- Activity: In the material below, find the line containing "Cardigan Wanita Rajut" and the line containing "深圳市消委会发布医疗美容行业 经营者投诉处理评价指数排行榜". Output those two lines and all lines between them exactly, without pictures.

- Data provided:
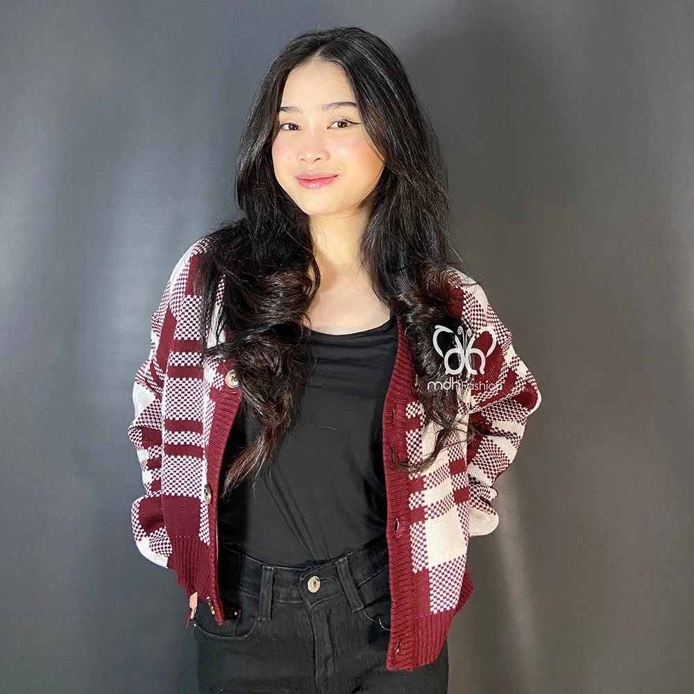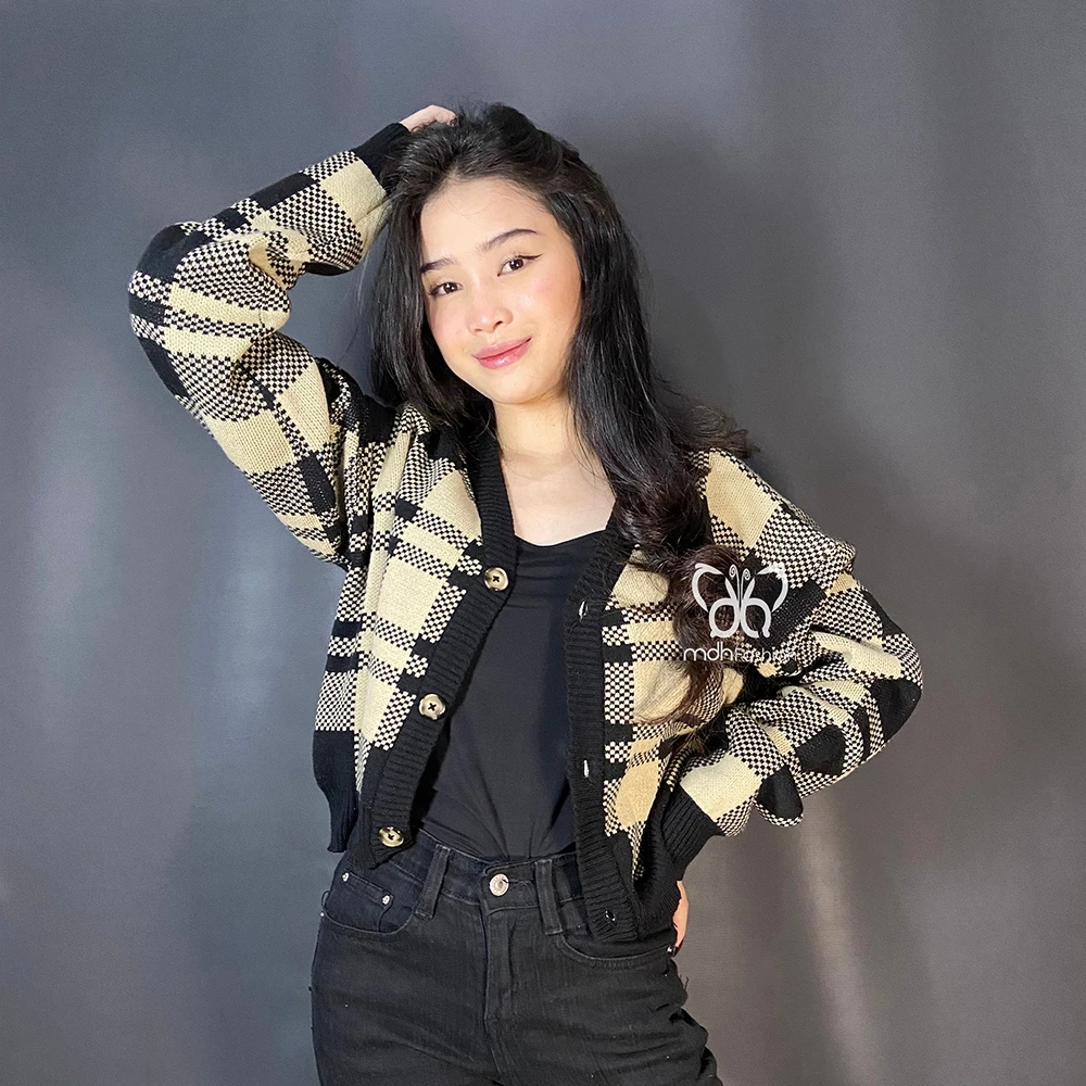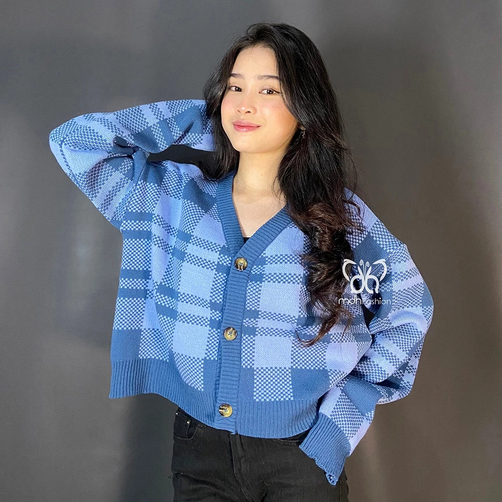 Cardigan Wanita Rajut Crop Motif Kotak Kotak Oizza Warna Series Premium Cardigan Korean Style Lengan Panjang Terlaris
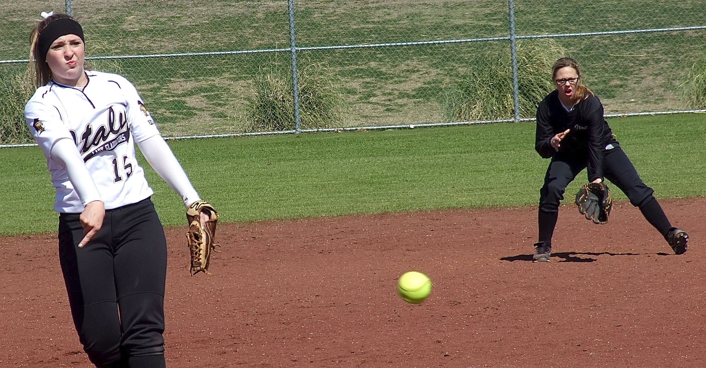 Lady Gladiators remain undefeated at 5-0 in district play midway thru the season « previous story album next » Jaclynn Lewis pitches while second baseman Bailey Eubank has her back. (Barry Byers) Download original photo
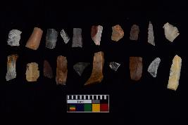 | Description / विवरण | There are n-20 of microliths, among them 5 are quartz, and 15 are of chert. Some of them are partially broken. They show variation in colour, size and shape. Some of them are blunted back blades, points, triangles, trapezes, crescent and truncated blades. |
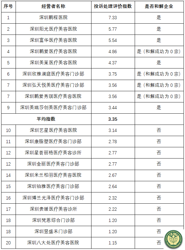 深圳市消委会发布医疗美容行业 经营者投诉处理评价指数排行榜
...
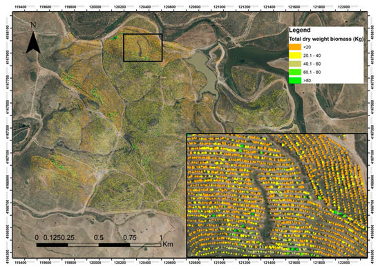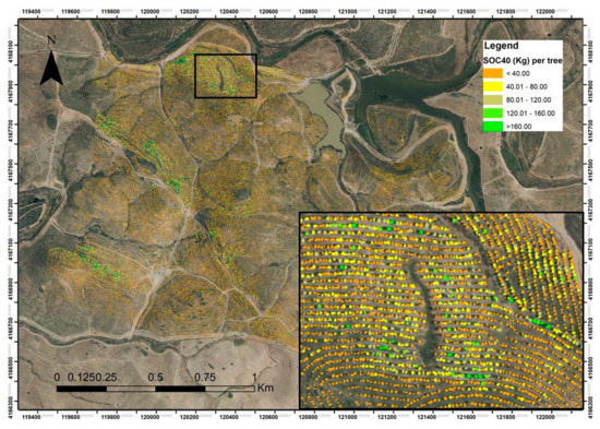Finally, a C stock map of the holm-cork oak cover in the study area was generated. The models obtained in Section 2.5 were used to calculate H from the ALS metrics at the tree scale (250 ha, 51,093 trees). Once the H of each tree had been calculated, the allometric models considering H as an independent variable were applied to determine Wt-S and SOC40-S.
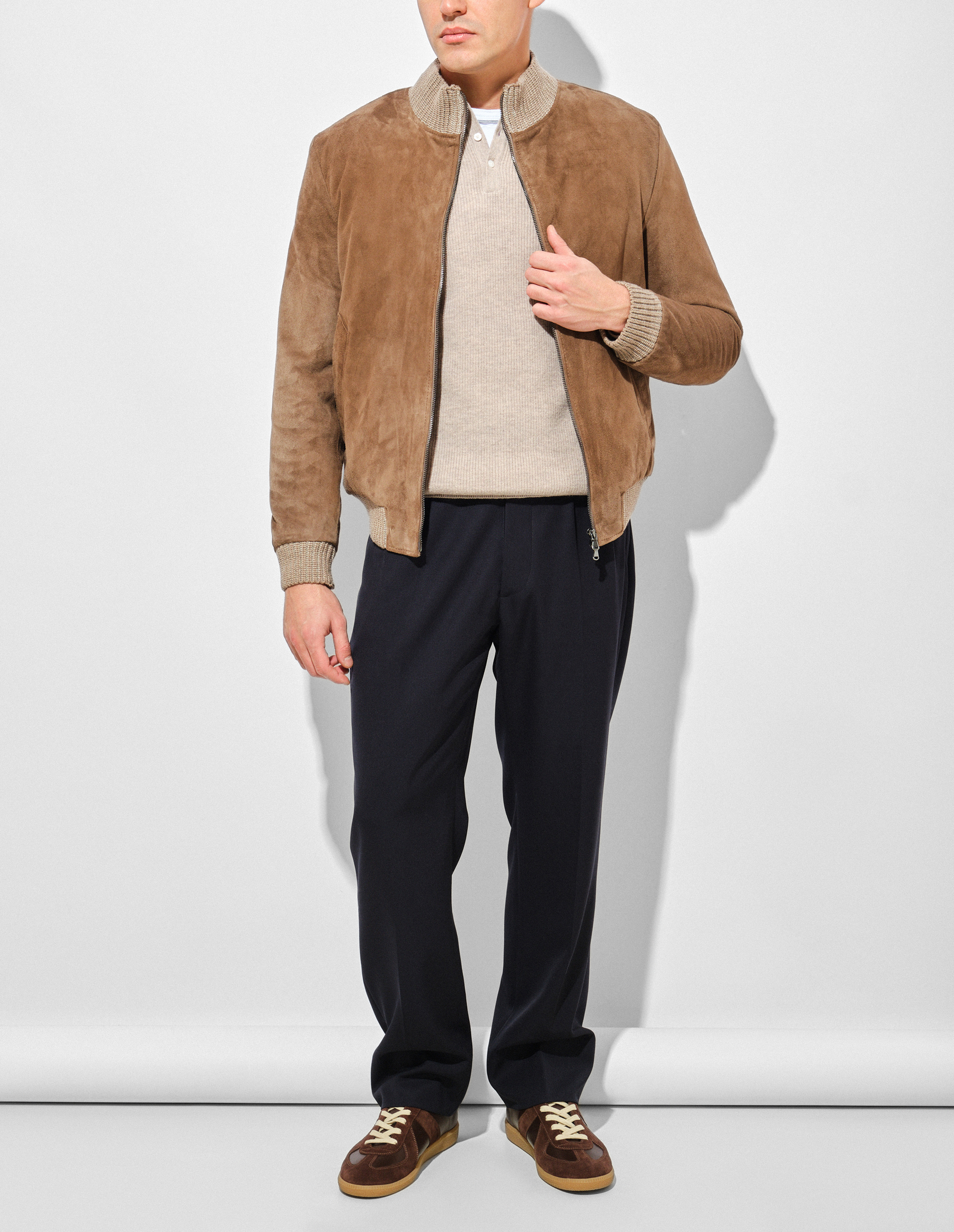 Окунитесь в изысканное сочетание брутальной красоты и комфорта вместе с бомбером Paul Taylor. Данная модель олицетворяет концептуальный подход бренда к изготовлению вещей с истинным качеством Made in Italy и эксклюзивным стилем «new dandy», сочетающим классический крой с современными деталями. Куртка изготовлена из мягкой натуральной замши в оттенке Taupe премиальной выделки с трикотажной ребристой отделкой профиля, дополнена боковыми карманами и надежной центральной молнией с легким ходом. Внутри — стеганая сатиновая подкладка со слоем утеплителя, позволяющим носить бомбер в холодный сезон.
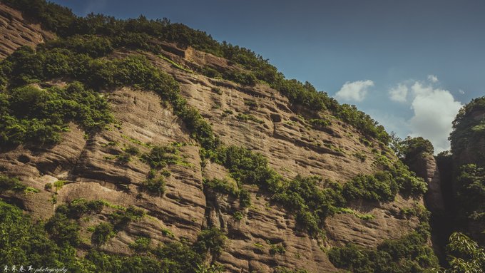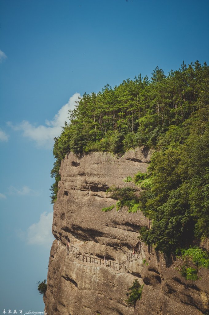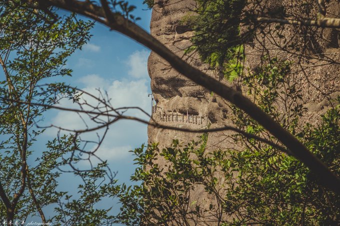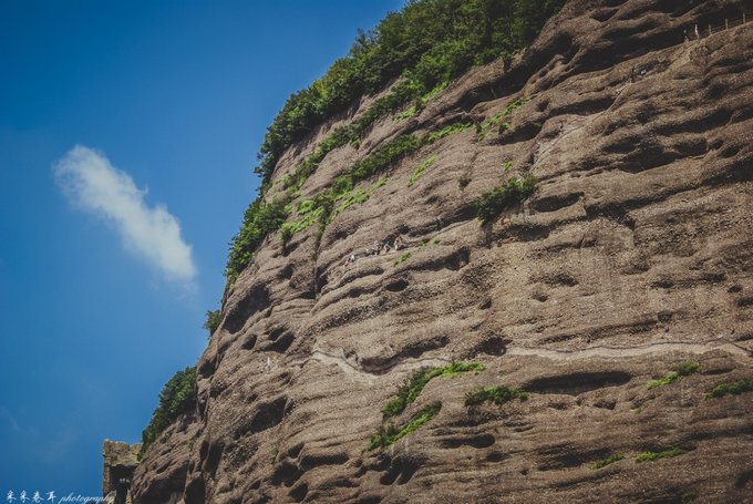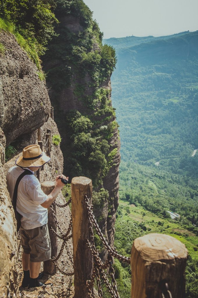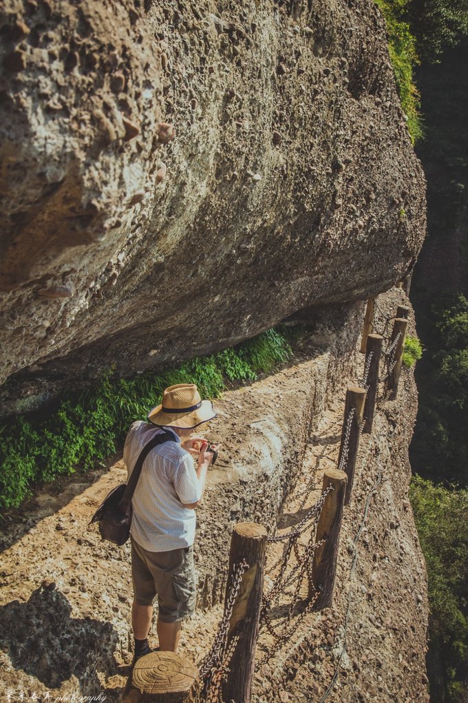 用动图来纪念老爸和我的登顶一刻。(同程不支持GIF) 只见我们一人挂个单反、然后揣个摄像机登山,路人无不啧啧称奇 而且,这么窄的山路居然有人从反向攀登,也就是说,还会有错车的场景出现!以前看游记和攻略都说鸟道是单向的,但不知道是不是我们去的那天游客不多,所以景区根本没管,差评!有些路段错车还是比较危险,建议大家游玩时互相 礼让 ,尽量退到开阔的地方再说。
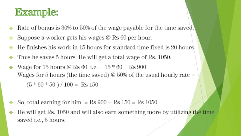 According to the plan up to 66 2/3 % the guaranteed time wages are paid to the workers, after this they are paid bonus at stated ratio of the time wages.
---
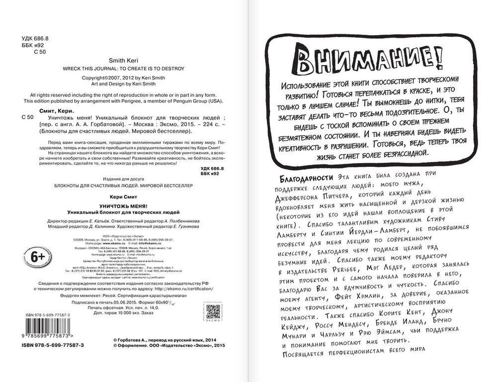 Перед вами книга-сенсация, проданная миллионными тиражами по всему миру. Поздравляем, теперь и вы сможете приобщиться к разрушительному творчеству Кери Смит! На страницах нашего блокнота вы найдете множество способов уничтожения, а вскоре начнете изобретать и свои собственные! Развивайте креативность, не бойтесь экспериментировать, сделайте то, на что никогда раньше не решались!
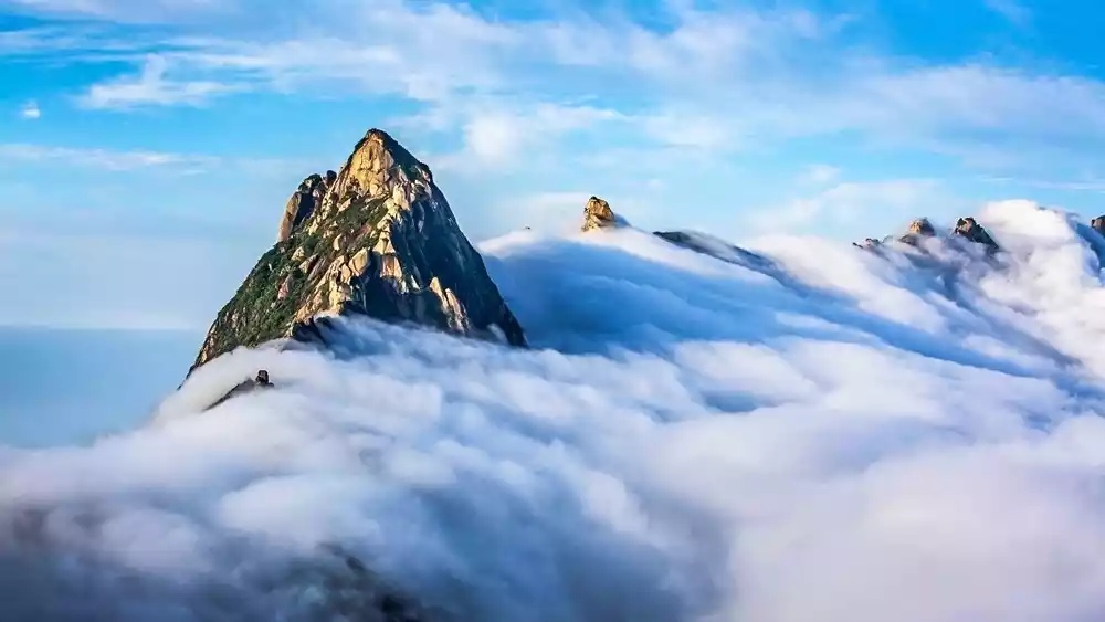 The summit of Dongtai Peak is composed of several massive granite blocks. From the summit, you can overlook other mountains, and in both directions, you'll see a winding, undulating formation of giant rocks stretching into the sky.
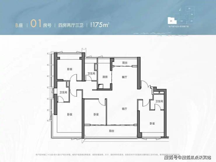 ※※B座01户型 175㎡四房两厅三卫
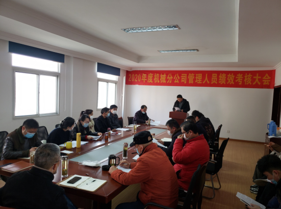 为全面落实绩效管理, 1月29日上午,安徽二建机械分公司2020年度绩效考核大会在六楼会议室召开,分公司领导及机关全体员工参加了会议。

- Reply:
 Cardigan Wanita Rajut Crop Motif Kotak Kotak Oizza Warna Series Premium Cardigan Korean Style Lengan Panjang Terlaris
 Lady Gladiators remain undefeated at 5-0 in district play midway thru the season « previous story album next » Jaclynn Lewis pitches while second baseman Bailey Eubank has her back. (Barry Byers) Download original photo
 | Description / विवरण | There are n-20 of microliths, among them 5 are quartz, and 15 are of chert. Some of them are partially broken. They show variation in colour, size and shape. Some of them are blunted back blades, points, triangles, trapezes, crescent and truncated blades. |
 深圳市消委会发布医疗美容行业 经营者投诉处理评价指数排行榜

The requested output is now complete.